• **Action item**
Beginning at the line that holds "Ana y Alfonso, nuestros", repeat every line through the last line of the material, exactly, and drop any pictures.

##### Data shown #####

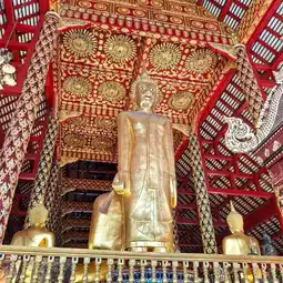 🙏🏽Phra Chao Kao Tue, enshrined in the ordination hall, is a large cast Buddha statue in the Chiang Saen style, made by Lanna and Sukhothai craftsmen. Made of 9 million tamlung metal ("Tue" is a word in Northern Thai, meaning a thousand chang). King Kaew, the 13th king of the Mangrai Dynasty, ordered its construction in 2047.
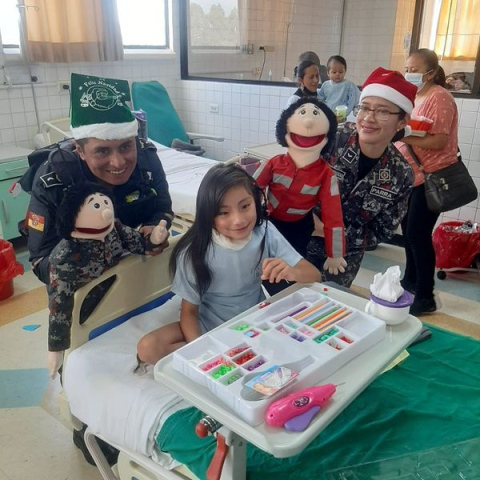 Ana y Alfonso, nuestros agentes lúdicos de la Guardia Ciudadana, llevaron alegría al área pediátrica del Hospital José Carrasco Arteaga.Con mensajes navideños y juegos lúdicos vivieron un ambiente festivo los pequeños.
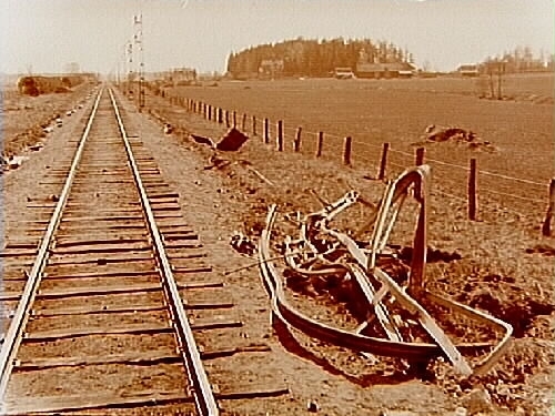 Olycka vid spåret, nedkörd luftledning.

#####

• **Expected answer**
 Ana y Alfonso, nuestros agentes lúdicos de la Guardia Ciudadana, llevaron alegría al área pediátrica del Hospital José Carrasco Arteaga.Con mensajes navideños y juegos lúdicos vivieron un ambiente festivo los pequeños.
 Olycka vid spåret, nedkörd luftledning.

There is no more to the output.